We...like millions of Americans were there. We witnessed it with our own eyes.
"Oh. My. God. Was that...was that a plane?"
Flight 175 crashed into the South Tower of the World Trade Center. Silence. All I remember, as I sat in my class was silence. I don't recall birds chirping or cars or even people. Just. Silence. The silence that is created when you witness something that snatches the world's innocence from your mind. The kind of silence when you, as a 14 year old child, realize that we are not immortal. America isn't great.

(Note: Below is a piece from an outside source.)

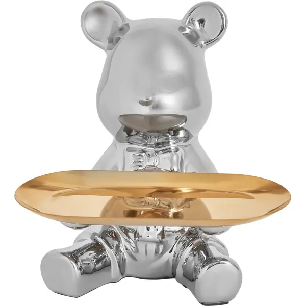 **Подставка Мишка 1** — это декоративный предмет интерьера, который гармонично смотрится на комоде, журнальном или рабочем столе, на полках книжного шкафа или на трюмо. Подставка в виде медведя с подносом размерами 18 х 20 см позволяет хранить различные мелочи на виду: от ключей до конфет. Она выполнена в серебристом цвете, поэтому добавляет элегантность в современные стили интерьера. Гладкие линии и блестящая отделка создают стильный акцент в любом помещении. Статуэтка дополняет классический, индустриальный, скандинавский или шебби-шик интерьера. Она выполнена из прочной керамики с повышенной стойкостью к механическим воздействиям, ультрафиолету, влаге. Материал также проявляет устойчивость к высоким температурам и воздействию большинства химических веществ. Керамика в золотистом исполнении удачно комбинируется с сырыми материалами (металлом и деревом), создает контрасты и добавляет уникальность в пространство. ###Особенности: - хорошо противостоит влаге и загрязнениям; - гладкая по

9:59 AM. Shattered. Dreams. Lives. Families. Memories. Shattered. We were there. We watched. We witnessed. We felt our hearts drop as those floors of the South Tower dropped. I shed tears as I felt like I was in that moment. As my soul connected to all those souls lost.


*Bell Chimes*

It was time for second period. Our gaze was broken...like our hearts...like our innocence. After that moment, I literally can't remember the rest of that day. I feel like the entire nation was in a fog after those moments. I tried to recall if I knew anyone who knew anyone who was in New York, but I didn't and they didn't. I remember replaying it over and over and over in my mind. A plane hit the Twin Towers...and...and it collapsed. They collapsed. We. collapsed.

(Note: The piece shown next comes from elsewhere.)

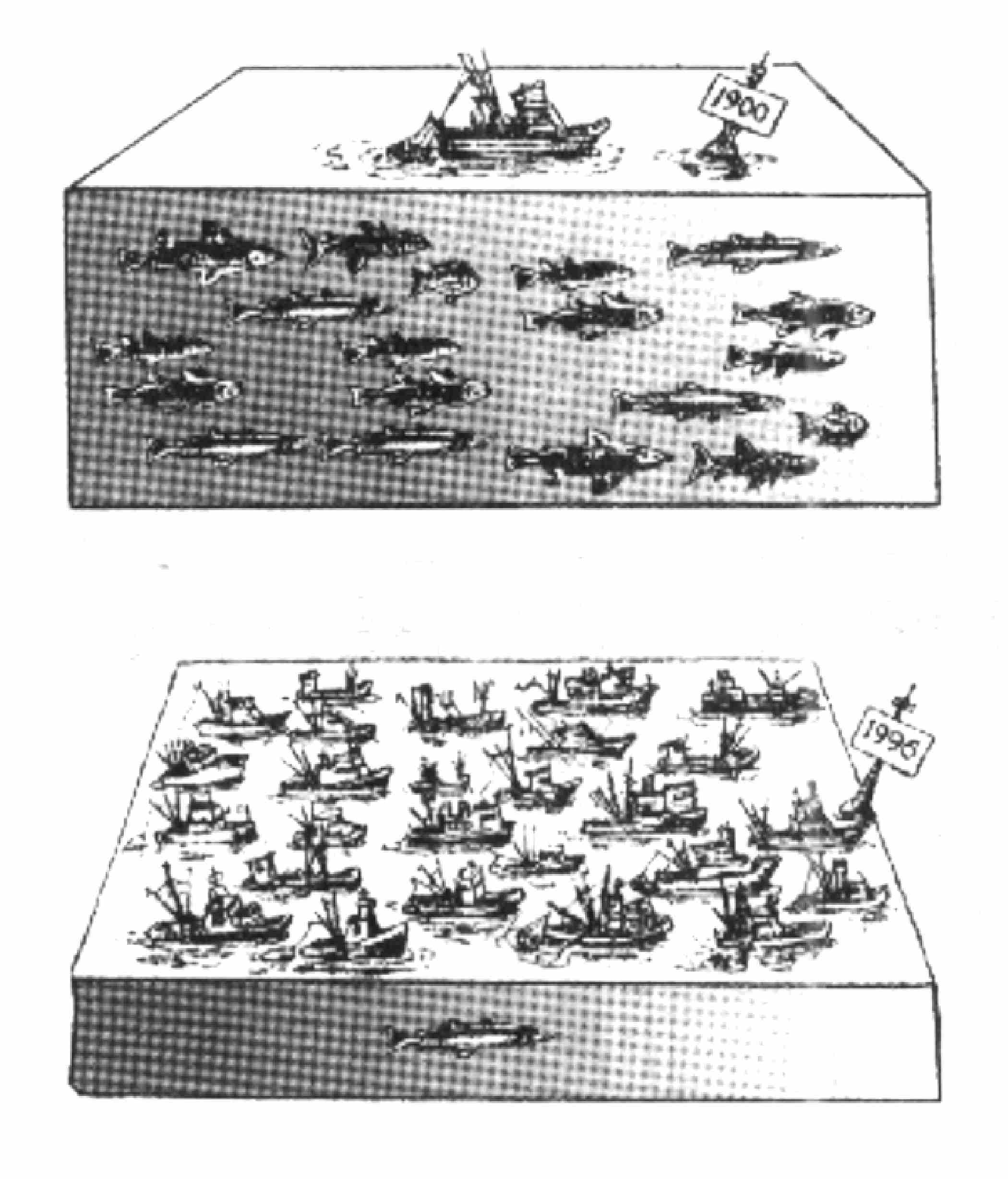 The two pictures show a sharp change in the world commercial fishing. They display totally different scenes. There were a lot of fish with one fishing boat in the sea in 1900 while the situation was just the opposite in 1995. We can see that within about 100 years, humans have stripped the sea of her generous offerings, and the fish supplies have almost been exhausted by overfishing.

I didn't lose any of my family members on that fateful Tuesday in September. All of my friends are still here. I will never know what it was like to be in Manhattan during September 11, 2001. I won't ever know the insurmountable loss of a loved one who will never be found. I will never understand, fully, what that day means to the family and friends of the lost. But I was there. I feel like even if you didn't lose someone or something during 9.11...we all lost, as Americans that day. We all lost.

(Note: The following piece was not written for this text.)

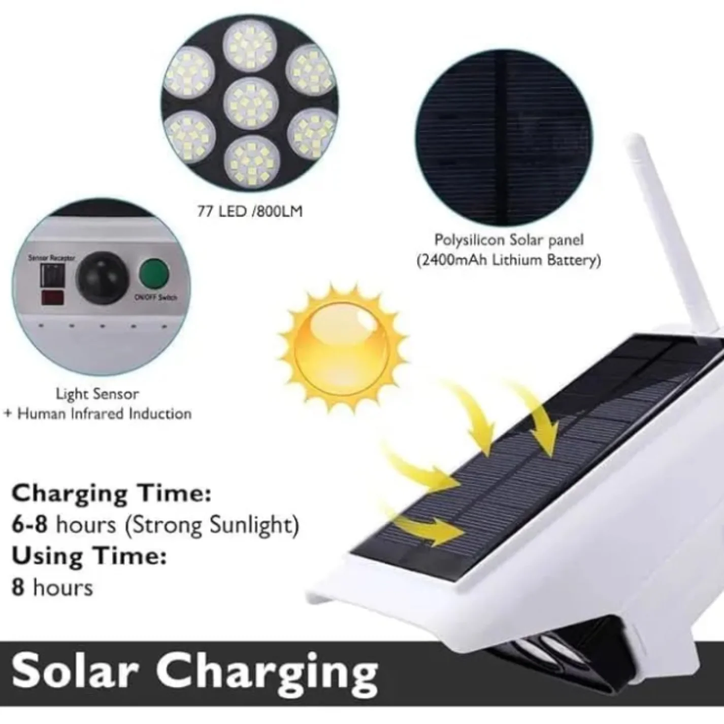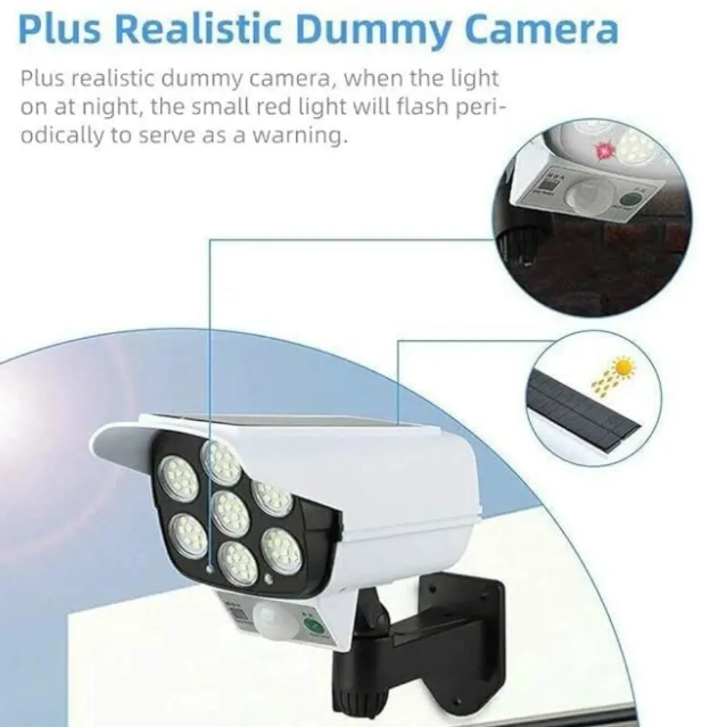 Enhance home security while adding a stylish touch with the Camera Shape Solar Motion Sensor Light. Designed to look like a real surveillance camera, it helps deter trespassers while providing bright illumination whenever motion is detected. With solar-powered charging, it works wirelessly and runs automatically—charging during the day and lighting up at night without electricity.

It's ten years later since that awful day was etched into our history to remind us of our own mortality...as people...and as a country. We've never been the same since. Rebuilding our lives has been hard. Trying to forget has been impossible. But the one thing we gained from that experience, the one thing that has continued to live with us since September 11, 2001 is that when we bond together as a people, putting our differences aside, forgetting our diversity and concentrating on our communities, remembering that we are only ONE race...the HUMAN RACE, we will ALWAYS come out triumphant. We will always get over obstacles. WE. WILL. ALWAYS WIN.


I remember where I was on September 11, 2001. I was 14 in the 9th grade...freshman year. It was a Tuesday morning and all I remember was the silence...the calm but awkward silence.